Marcello Dantas
É preciso saber morrer
A vida pode até ser bem vivida como uma dança fluída, mas a morte precisa de arquitetura
Tem uma canção dos anos 1960 composta por Roberto e Erasmo Carlos que pregava ser preciso saber viver. Em seu brilhante filme póstumo, Hector Babenco mostra, no início, um trecho de um filme seu no qual um senhor lhe diz que para ser um grande cineasta ele precisava aprender a contar histórias e para aprender a contar histórias era preciso viver.
O documentário “Babenco: Alguém Tem que Ouvir o Coração e Dizer Parou” é um primor porque nos mostra o outro lado desta moeda: é preciso saber morrer. O cineasta foi diagnosticado pela primeira vez com câncer aos 38 anos, mesmo ano em que concorreu ao Oscar de melhor diretor com “O Beijo da Mulher Aranha”, filme disputado por lendas vivas como John Houston, Peter Weir, Akira Kurosawa e Sidney Pollack. O novato Babenco vivia, então, um dilema entre uma meteórica carreira no topo da cadeia alimentar de Hollywood e o abismo de um câncer no sistema linfático.

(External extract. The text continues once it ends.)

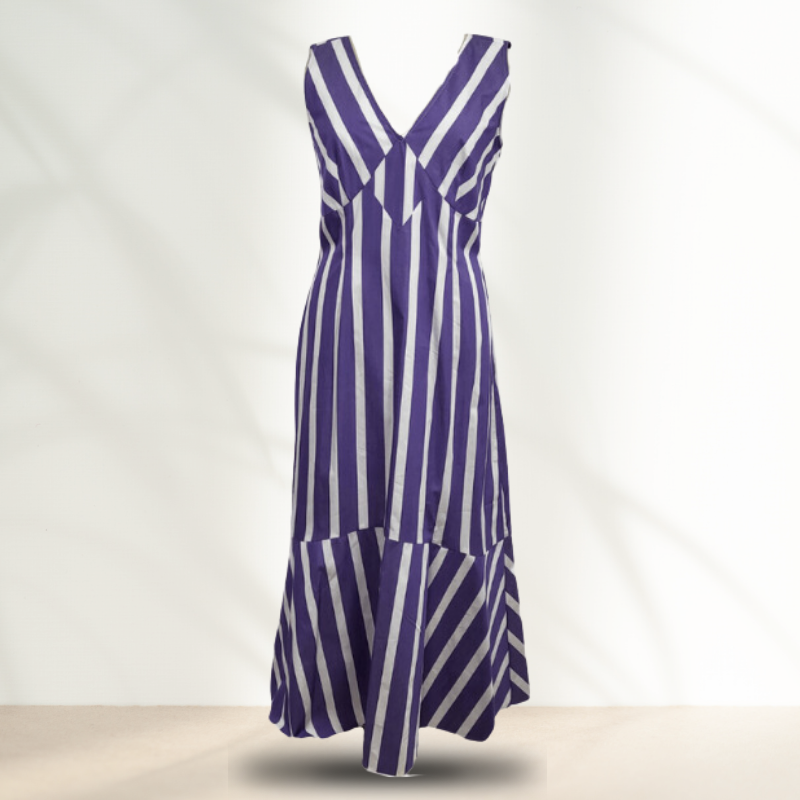 Le tissu en coton léger est à la fois doux et respirant, ce qui en fait un choix idéal pour les journées chaudes. La robe est cintrée pour mettre en valeur la silhouette, créant une ligne flatteuse qui souligne les courbes naturelles du corps.

Seu médico e amigo Drauzio Varella lhe deu cerca de seis meses de vida, no máximo.
Esse flerte com a morte durou ainda mais 32 anos e sete longas-metragens, além dos quatro anteriores que havia dirigido. O que mais me fascinou no filme, assinado por sua companheira Bárbara Paz, é a claríssima consciência de que seria possível fazer uma obra depois de partir, como equações a serem desvendadas e desenhadas por parceiros depois que ele não estivesse mais entre nós. Feito similar ao do genial artista plástico norte-americano Sol LeWitt (1928-2007) que deixou uma enorme bagagem de obras para serem produzidas postumamente. Ambos, Sol LeWitt e Hector Babenco, tinham clareza da grande genialidade que possuíam. Assim como tinham noção de que a morte viria, em breve, mas que poderiam deixar uma porta aberta para que sua proposição artística se realizasse além dos seus batimentos cardíacos. Eles sabiam que era preciso saber morrer, porém, partir de um forma criativa, surpreendente e original.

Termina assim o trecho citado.